First off, you can't do it in software. There would be no way to sample the digital lines at a sufficient rate, or to doing anything useful with it.
You need to use a hardware FIFO buffer or memory cell. When a data burst comes in, it can be buffered in the high speed FIFO and then read out as needed by the processor.
Drop in high speed FIFO chips are surprisingly expensive (though most are dual ported). To cut cost, you would be best off using an SRAM chip, and a hardware adder to increment the address lines on incoming data.
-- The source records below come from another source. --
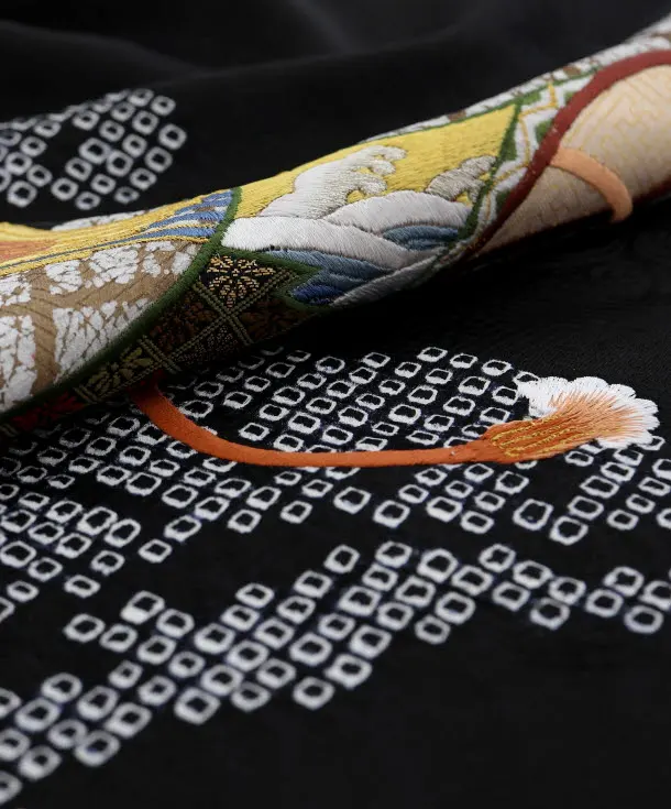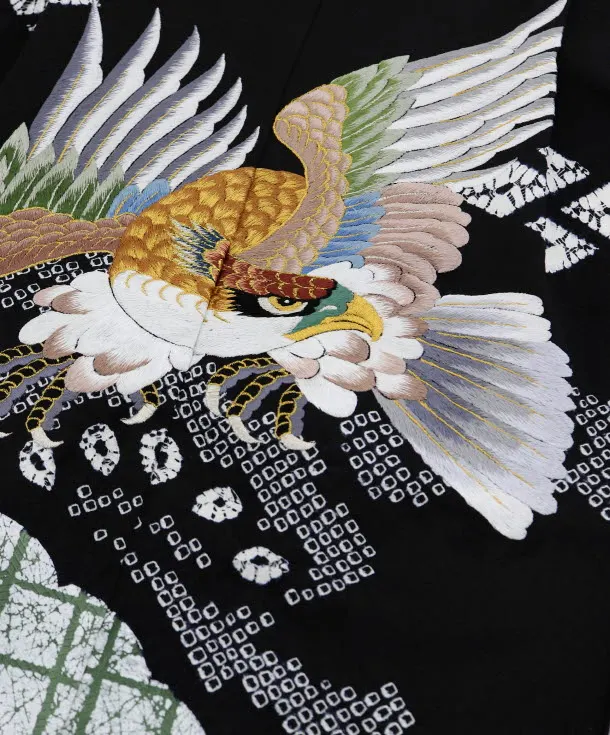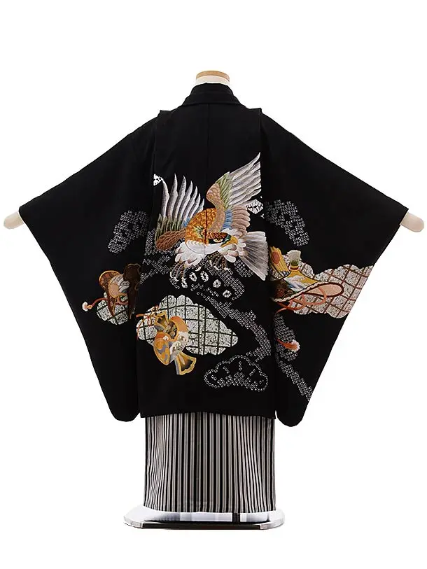 七五三(5歳男児袴)5470 (高級正絹) 黒地 鷹刺繍×黒白縞袴
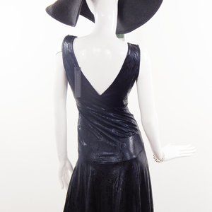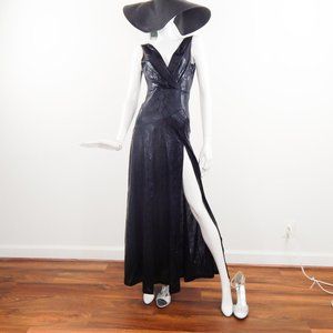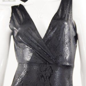 Maxi Dress Black ANIMAL SNAKE PRINT FOIL Sleeveless Slit V Neckline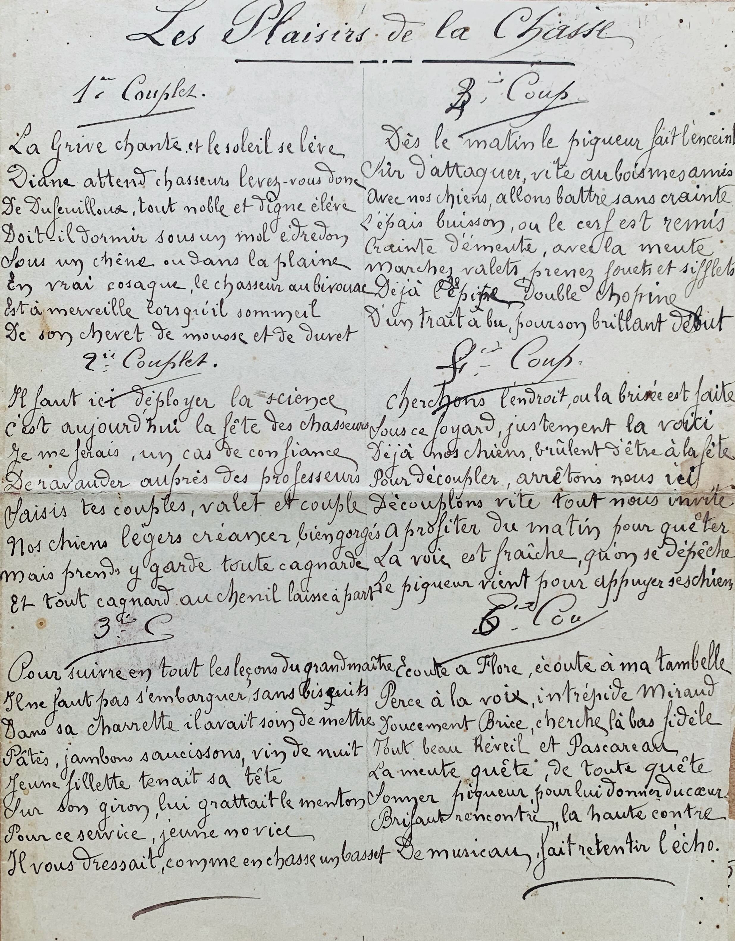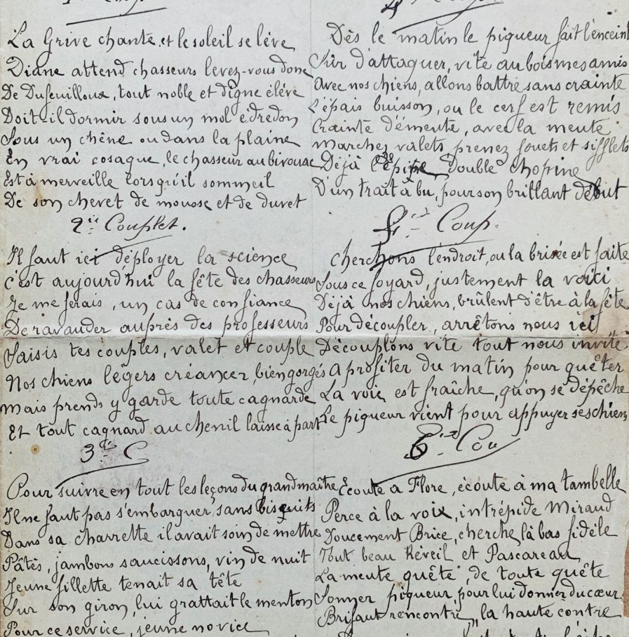 - chanson en 17 couplets « Les Plaisirs de la chasse » (4 pp. in-4) avec envoi à Sergentet au château de la Barre par Le Veurdre.

This is not an uncommon situation for software. semaj said the right word. This is a system engineering issue. Other folks have the right answer too. If you want to look at or process that data with the 100MHz processor, it is not going to happen, dont bother trying. You CAN look at snapshots of it or have the hardware filter out a specific percentage of it that you are looking for. At the end of the day though it is a systems issue, what does the hardware provide, where does it put this data, what is the softwares task for this data, does it see X buffers of data come in on the goesinta, and the notify the goesouta hardware that there are X buffers ready to go? Does the hardware examine and align the buffers so that you can look at a header, and then decide where to route the hardware? Once you do your system engineering you will know if you can use that processor or not, and if you can use it what its job is and how to do it.
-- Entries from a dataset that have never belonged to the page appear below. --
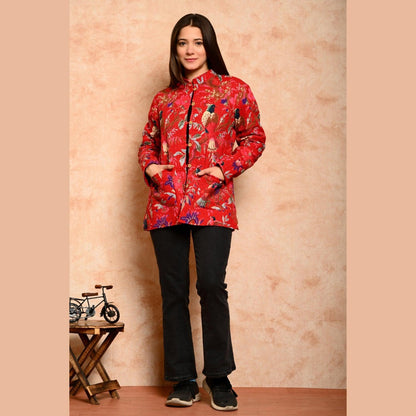 Women's Cotton Floral Print Quilted Jacket - SHKL1012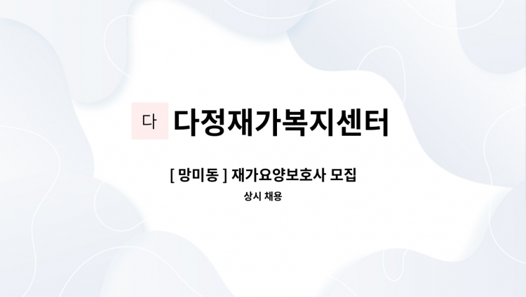 ● 근무지 : 부산광역시 수영구 연수로315번길16, 포스코파크리치아파트 ● 대상자 : 3등급 70대 여자어르신 ● 근무시간 : 오전10시 ~ 오후1시, 주4일(월~목) ● 업무내용 : 식사(점심), 가사, 일상지원 ● 시급 : 12,000원(수당포함) * 표준이용계약서 접수, 요양대상자 정보 확인함 * 실제 서비스 제공기간에 따라 임금을 계산하여 지급하는 형태로 채용시 근로자마다 주 소정근로시간 이나 임금, 근무(예정)지 등에 차이가 있을 수 있음.
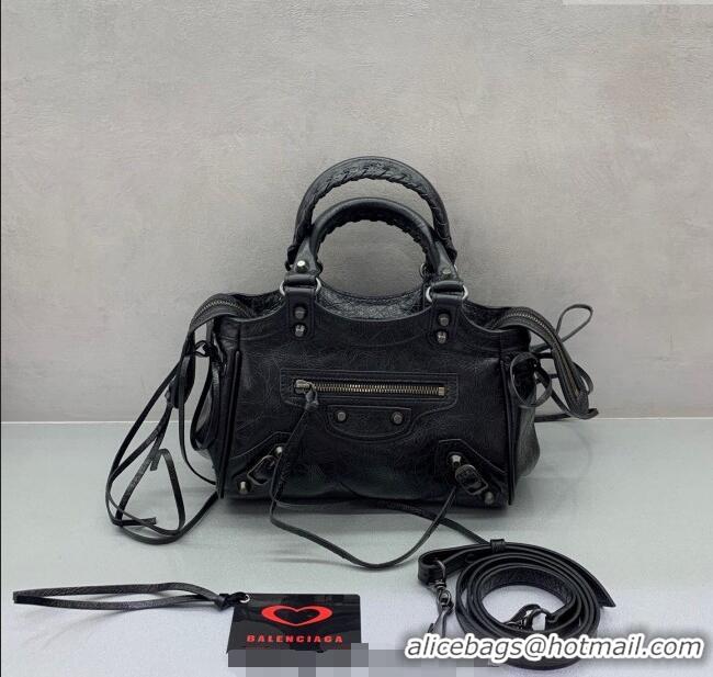 Well Crafted Balenciaga Le City Top Handle Bowling Bag in Lambskin Leather 0926 Black 2025

Your direct question. What is the best way to handle it. The best way to handle it is to have hardware (fpga, asic, etc) move it into and out of some storage device (ram of some sort probably). Not necessarily the same ram the processor runs out of (DMA is a good thing to avoid). The hardware is something the software can talk to but you cannot examine all of that data so dont try. Without knowing what kind of data this is, what form, what the software looks at how much work you are willing to force the hardware to do, etc determines the rest of the answer. If you expect a certain (guaranteed) percentage to be bad or not belong to this processor, etc have the hardware filter that out and then what is left you can process.
Networking is a good example of this, PCs have gige ports but cannot process GigE line rate data. That is why we use switches now instead of hubs, hardware slices out a percentage of the data so the pc can handle it, the protocols take care of the data that cannot be processed by resending it later. And the switches processors dont look at all of the data, the hardware slices it up so the software can examine just the header. Or sometimes the software simply manages tables that drive the hardware and the hardware does all the work of processing the data.
Do your system engineering the answers will simply fall out.
You buffer it. Typically data from a device is written to a memory buffer (circular queue) using DMA (no cpu involved). The cpu reads from the memory buffer at a constant rate. Usually devices send data in bursts. This keeps the buffer from filling up. If there is too much data, buffer overflow.
DMA (direct memory access) is possibly the solution, however, it seems unlikely that the memory bus could run faster than the processor core, so the receiving peripheral would have to accept data into a larger register than 8 bit because 125MHz could not be sustained. For example a 16bit register would allow memory writes at 62.5MHz which may be achievable. Also the receiving device would have to be able to accept an external clock that is both faster and asynchronous to the core clock. Also of course the receiving peripheral must have support for DMA.
Unless you are more specific about your hardware and the communication protocol it is difficult to give anything other than a general answer.